- _TRY IT_
Do not include the pictures; repeat the rest of the data exactly.

- _AVAILABLE DATA_
******

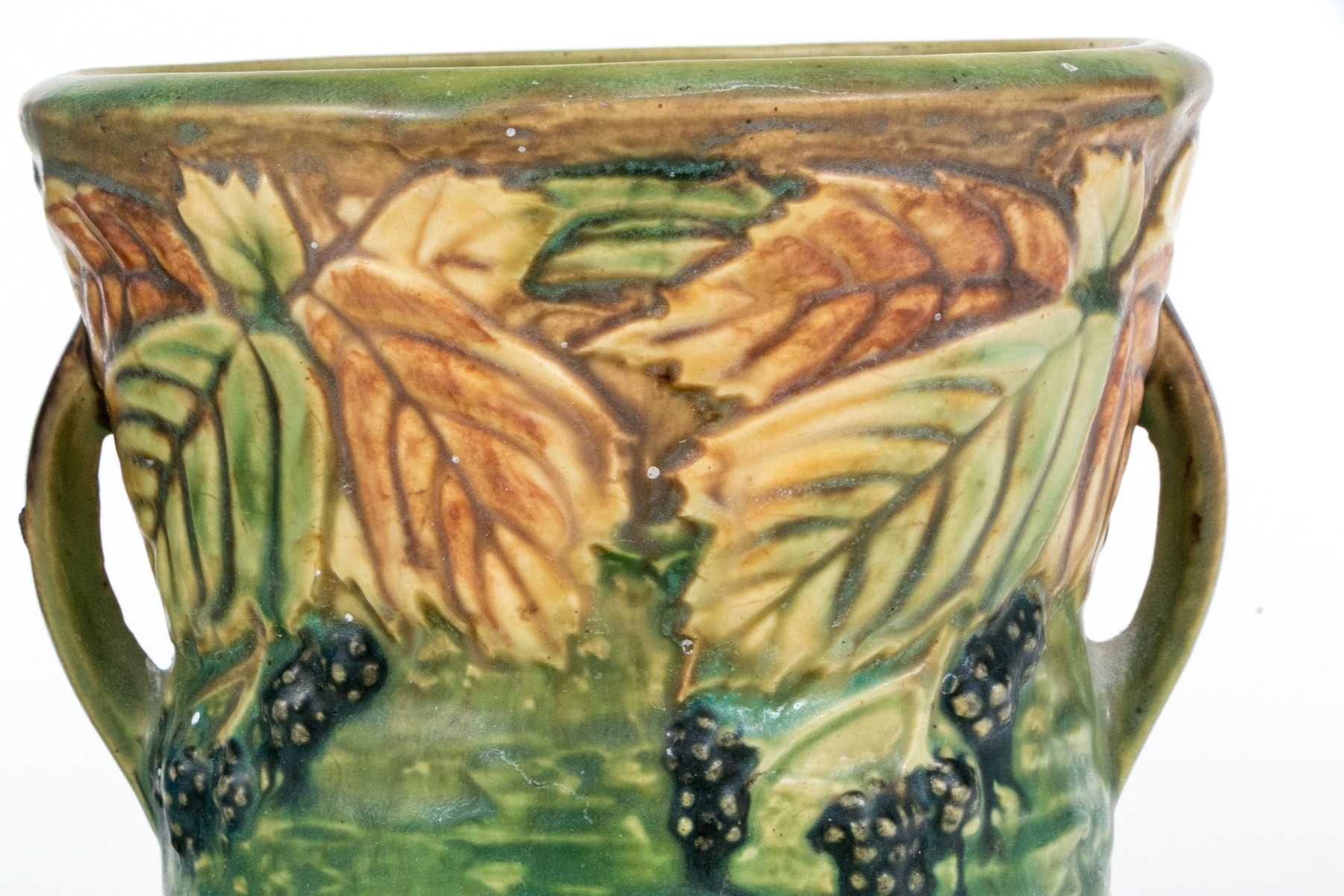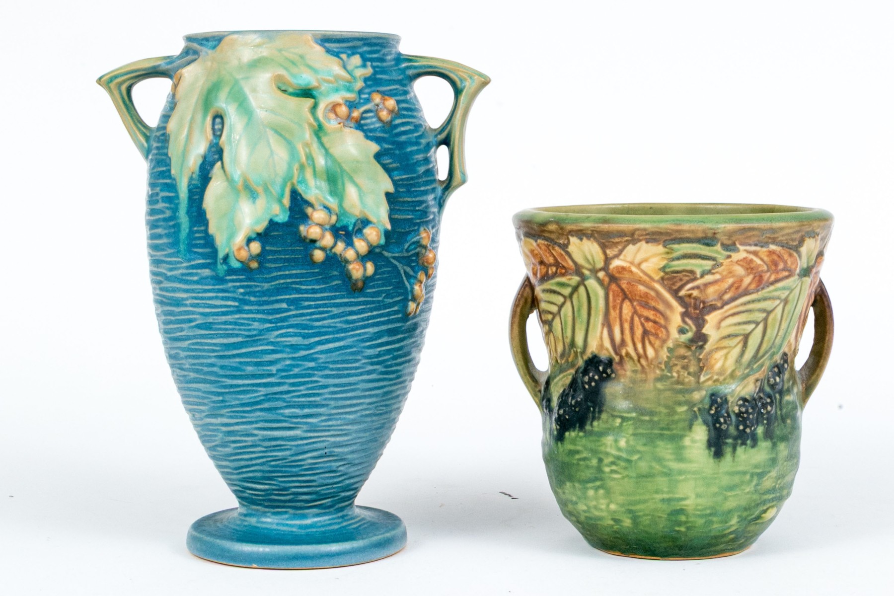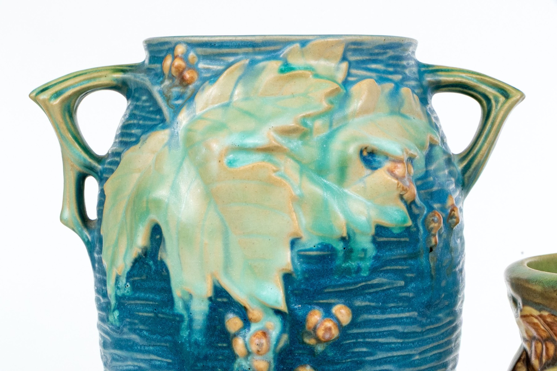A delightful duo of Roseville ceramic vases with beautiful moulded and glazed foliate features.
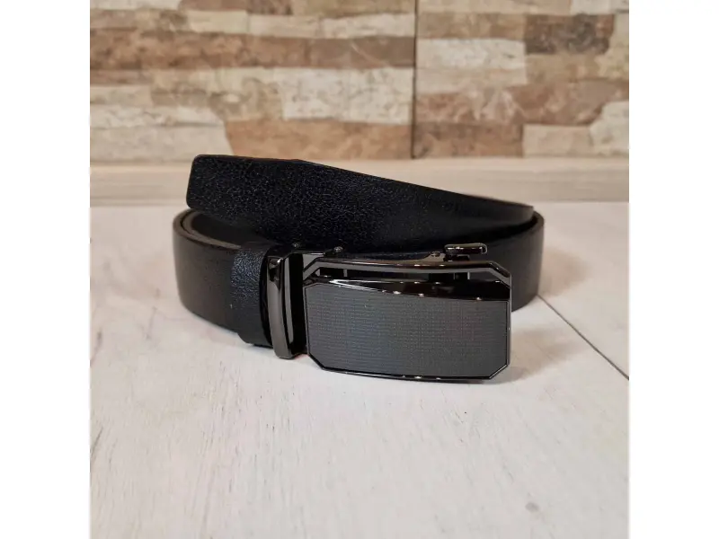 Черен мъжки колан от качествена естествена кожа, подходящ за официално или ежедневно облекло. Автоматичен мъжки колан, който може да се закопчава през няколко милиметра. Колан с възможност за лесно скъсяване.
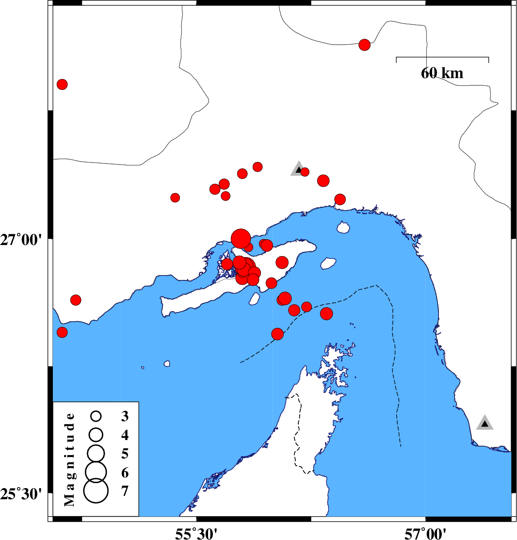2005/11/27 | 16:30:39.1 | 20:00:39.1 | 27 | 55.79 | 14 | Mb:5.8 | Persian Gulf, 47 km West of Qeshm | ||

******

- _EXERCISE OUTPUT_
A delightful duo of Roseville ceramic vases with beautiful moulded and glazed foliate features.
 Черен мъжки колан от качествена естествена кожа, подходящ за официално или ежедневно облекло. Автоматичен мъжки колан, който може да се закопчава през няколко милиметра. Колан с възможност за лесно скъсяване.
2005/11/27 | 16:30:39.1 | 20:00:39.1 | 27 | 55.79 | 14 | Mb:5.8 | Persian Gulf, 47 km West of Qeshm | ||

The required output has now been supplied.